Substantial evidence strongly supports environmental exposures as the risk factor for PD (Noyce et al., 2012). Earlier epidemiological and sociological studies revealed that exposure to toxic environmental substances (including pesticide exposure, prior head injury, and beta-blocker use) and specific living conditions (including rural living, agricultural occupation, and drinking well water) are associated with an increased risk of PD (Langston et al., 1983). However, based on the PD progress, it is unlikely that the disease pathogenesis is triggered by acute toxic exposure. Instead, it is possible that persistent exposures are responsible for the gradual dysfunction that manifests across myriad cellular pathways throughout the progression of the disease.

With the evolution of the “exposome” concept, exposomic studies capture the totality of exposures over a complete lifetime, including exogenous and endogenous exposures, and downstream endogenous products along the exposure-disease continuum. Seminal research has postulated that the cause of PD might begin in the gut (Braak et al., 2006).
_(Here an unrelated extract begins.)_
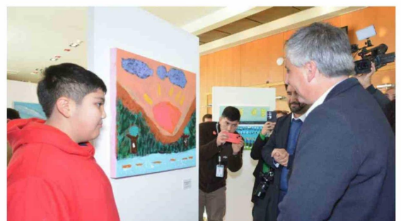
La comunidad podrá visitar gratuitamente la muestra hasta el próximo 4 de julio en el Teatro Regional.

Porque detrás de cada pintura hay mucho más que una técnica o una combinación de colores, hay historias de superación, emociones transformadas en arte y una comunidad que aprende a mirarse desde la empatía y la inclusión. 📷

Strong evidence supports that gastrointestinal (GI) systems are gateways to the environment (Klingelhoefer and Reichmann, 2015). Toxins, nutrients, microbiota, and metabolites can interact with the GI tract, initiate the enteric nervous system (ENS), spread into the central nervous system (CNS), and exert remote effects via the gut–brain axis. Moreover, the substances can also be absorbed directly from the GI tract into the circulatory system and influence CNS functions. These factors may subsequently induce long-lasting neuroplastic changes in the host’s gut or brain. As a result, PD pathogenesis studies have focused on the gut environment.
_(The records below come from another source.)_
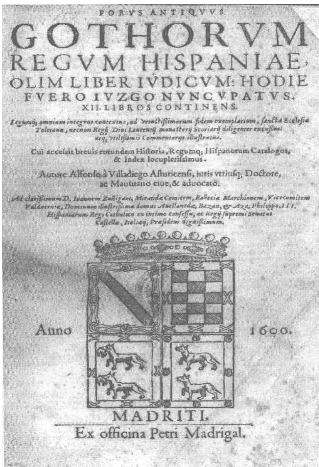
6. Вилладиего, Альфонсо. Древнее фуэро готских королей Испании, некогда книга Судей: сегодня Фуэро Хузго называемое... — [Мадрид], 1600.
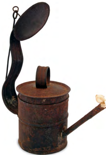
Candeia COJ N.º INV. 216
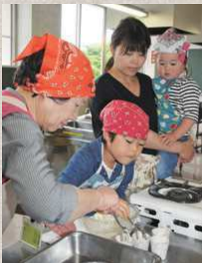
ほんわ館ファンの方にお手伝いしてもらい、お母さんと妹と一緒にカップケーキを作りました

ほんわ館は、ここでのイベントや事業のサポートをする「ほんわ館ファン」というボランティアの方々から支えられています。現在、ほんわ館ファンの人数は22人。一緒に活動してみたいと思う方は、いつでも登録できますので、お気軽にほんわ館にお問い合わせください。

Many studies on the gut environment have revealed microbial imbalance (dysbiosis) in the gut of the patients with PD (Kataoka, 2016; van Kessel and El Aidy, 2019; Nishiwaki et al., 2020; Sampson, 2020; Shen et al., 2021). Compositional alterations in the gut microbiota of patients with PD have been robustly demonstrated. The results of a meta-analysis showed significantly lower abundance levels of Prevotellaceae, Faecalibacterium, and Lachnospiraceae in patients, and significantly higher abundance levels of Bifidobacteriaceae, Ruminococcaceae, Verrucomicrobiaceae, and Christensenellaceae in patients with PD (Shen et al., 2021). The meta-analysis of Nishiwaki et al. (2020) reported that the genera Akkermansia and Catabacter, as well as the members of the family Akkermansiaceae, were increased, whereas the genera Roseburia, Faecalibacterium, and Lachnospiraceae ND3007 group were decreased in PD. Romano et al. (2021) reported enrichment of the genera Lactobacillus, Akkermansia, and Bifidobacterium and depletion of bacteria belonging to the Lachnospiraceae family and the Faecalibacterium genus in PD gut microbiome by meta-analysis. Nevertheless, the functional relevance of alterations in the gut microbiota remains unclear, and a consensus has not been reached on whether a specific microbial signature exists for PD itself.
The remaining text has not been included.